Different roles of Akt and mechanistic target of rapamycin in serum‑dependent chondroprotection of human osteoarthritic chondrocytes
- Authors:
- Published online on: November 24, 2017 https://doi.org/10.3892/ijmm.2017.3285
- Pages: 977-984
Abstract
Introduction
Osteoarthritis (OA) is the most prevalent degenerative disease of the articulating joints, and deterioration of cartilage extracellular matrix (ECM) homeostasis is one of its pathological characteristics. As the sole cell type in cartilage, chondrocytes are responsible for regulating ECM anabolism and catabolism. Therefore, chondrocyte activities, including autophagy, apoptosis and proliferation, are crucial for preserving cartilage homeostasis. For example, autophagy, a lysosomal degradation process, is essential for survival, differentiation, development and homeostasis (1). It has been reported to control the secretion of type II collagen (Col 2), one of the primary components of cartilage ECM. In the absence of autophagy in growth-plate chondrocytes, Col 2 decreased due to the abnormal accumulation of collagen molecules in the endoplasmic reticulum (2). Increased autophagy is an adaptive response to protect chondrocytes from stresses (3). In addition, the blockade of chondrocyte apoptosis and the promotion of chondrocyte proliferation may be potential therapeutic strategies to treat OA. Berberine may ameliorate cartilage degeneration from OA by promoting cell survival and matrix production of chondrocytes in interleukin (IL)-1β-stimulated articular chondrocytes and in a rat OA model (4). Morroniside exerted chondroprotective effects on OA chondrocytes by promoting cell proliferation and ECM synthesis (5). Hyaluronic acid may suppress chondrocyte apoptosis in a dose-dependent manner in IL-1β-induced OA, which may be an underlying mechanism of the clinical action of intra-articular injection of hyaluronic acid in the treatment of OA (6).

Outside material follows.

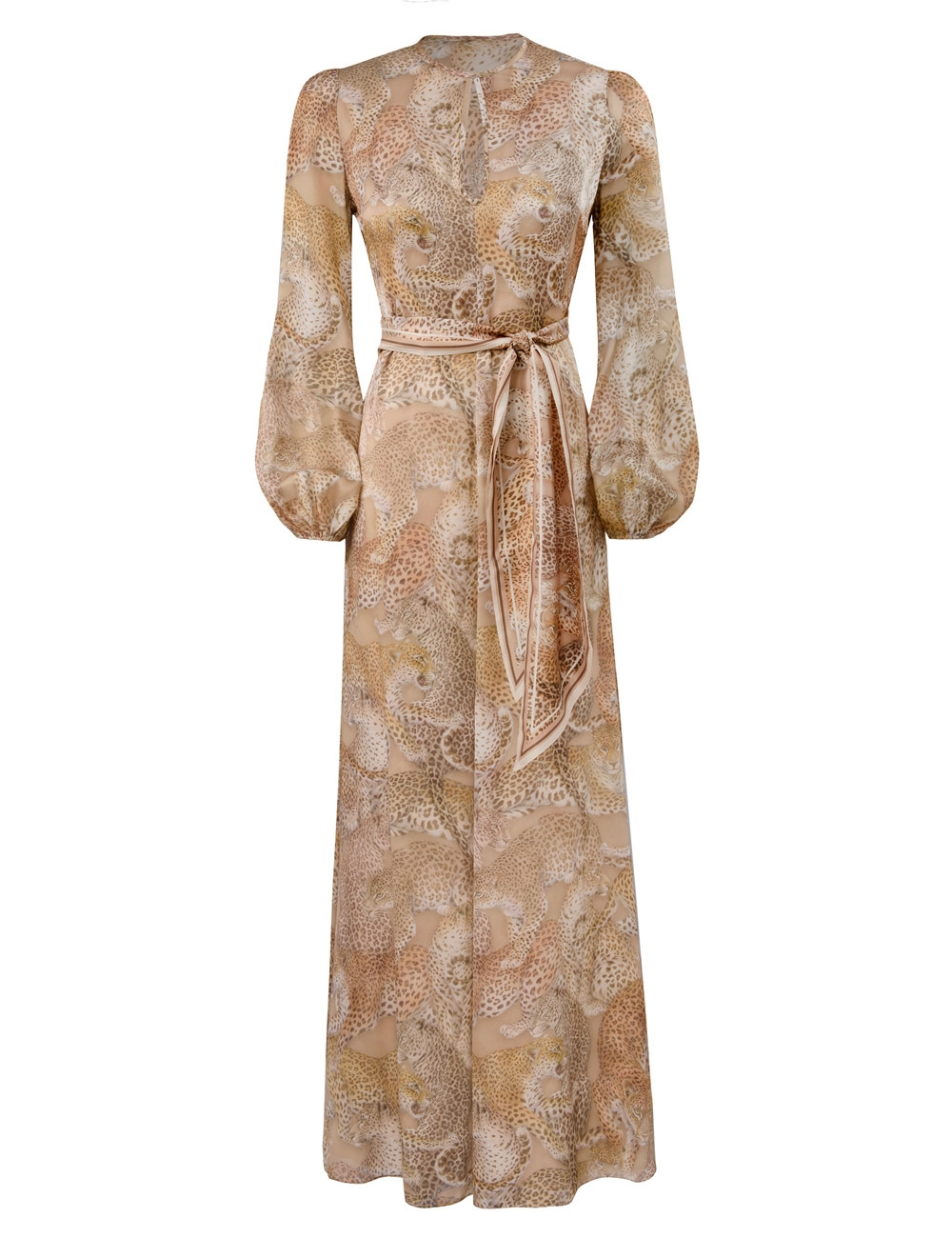 ITEM DETAILS The Rebellion Sheath Dress in Latte Leopard from our Cruise 2026 Collection, Twisted Romance. A silk maxi dress featuring a crew neckline, keyhole detailing at the bust and long billow sleeves with elasticated cuffs. - Silk fabric - Full-length gown - Removable silk scarf belt - Invisible zip closure at centre back - Long sleeves with elasticated cuffs Style Code: 7103DC261 SIZE DETAILS 0P 0 1 2 3 4 Length 54.5 59 59.5 59.5 60 60 Bust 33 35.5 37 39.5 41.5 43.5 Waist 27.5 29 30.5 33 34.5 37 Sleeve 25 27 27 27 27 27.5 Slightly fitted at the bust and waist, loose at the hip Light-weight, non-stretchy fabric This garment fits true to size Available in size 0P, suited to clients who are under 5'3"/ 160cm Model is 5'9.5"/178 cm, bust size 32C/10C and wears a size 0 Item measurements are in inches CARE INSTRUCTIONS Main: 100% silk; lining: 100% viscose; belt: 100% silk Dry clean only code f (hydrocarbon only); Remove any detachable trims prior to dry cleaning; Cover to protect trim; Iron in low temperature with protective cloth; Light steam only; Do not spot clean Always check the label or care card for specific care instructions.

The majority of cell signaling molecules are involved in regulating OA chondrocyte autophagy, proliferation and apoptosis, including protein kinase B (PKB/Akt) and mechanistic target of rapamycin (mTOR) and extracellular signal-regulated kinase (ERK). For example, mTOR targeting prevents physical harm to joints in diabetic mice by autophagy activation (7). Cartilage-specific deletion of mTOR upregulates autophagy and protects mice from OA (8). Akt and ERK contribute to the chondroprotective effect of morroniside on OA chondrocytes by promoting chondrocyte proliferation and ECM synthesis (5,9,10). Therefore, present study predominantly focuses on elucidating the role and regulatory mechanism of complicated cell signaling molecules involved in chondrocyte events.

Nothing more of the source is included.